Faut-il relire les anciens tomes avant d’attaquer le tome 42 ?
Ce n’est pas obligatoire, mais fortement recommandé, surtout si ta dernière lecture remonte à plusieurs années. Berserk possède une trame narrative dense, avec de nombreux personnages secondaires et enjeux politiques. Une relecture des derniers arcs (notamment l’ère de Fantasia) permet de mieux percevoir la continuité entre les chapitres de Miura et ceux supervisés par Mori.
La qualité du dessin a-t-elle chuté après la mort de Miura ?
La plupart des lecteurs s’accordent à dire que le niveau reste très élevé. Les assistants de Studio Gaga maîtrisent les codes visuels de Berserk et parviennent à reproduire en grande partie l’intensité graphique de Miura. Certains détails, comme certains visages ou compositions de cases, peuvent sembler différents, mais l’ambiance générale et la noirceur du trait demeurent.
Peut-on commencer Berserk maintenant en sachant que Miura est mort ?

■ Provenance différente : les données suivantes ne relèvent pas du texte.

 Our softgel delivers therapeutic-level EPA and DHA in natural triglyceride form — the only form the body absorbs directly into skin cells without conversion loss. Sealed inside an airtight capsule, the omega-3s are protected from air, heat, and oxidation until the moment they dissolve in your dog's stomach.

Oui, Berserk reste l’un des plus grands mangas de dark fantasy, même avec le décès de son créateur. Savoir que l’auteur n’a pas pu achever lui-même son œuvre ajoute une dimension tragique, mais ne diminue ni la force des premiers arcs, ni l’impact émotionnel du récit. Il suffit simplement de garder en tête que les derniers tomes relèvent d’une continuation supervisée.

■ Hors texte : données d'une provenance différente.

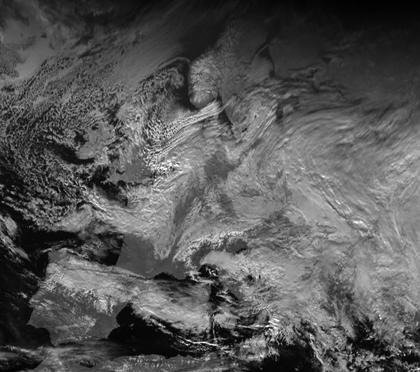 Über Europa liegen verbreitet viele Wolken. Meist sind sie in der kalten Luft unter Tiefdruckeinfluss entstanden. Es gibt aber auch einige Gebiete mit weniger Wolken, so etwa in der Mitte Deutschlands, in England und auf der Südseite der Alpen.

Y aura-t-il une fin claire à Berserk ?
L’objectif affiché de Kouji Mori et de Studio Gaga est de mener l’histoire jusqu’à une véritable conclusion, conforme à ce que Miura lui avait décrit. Personne ne peut garantir que chaque mystère sera résolu exactement comme Miura l’aurait souhaité, mais l’équipe assume pleinement sa volonté d’offrir une fin aussi fidèle que possible, plutôt que de laisser la saga inachevée.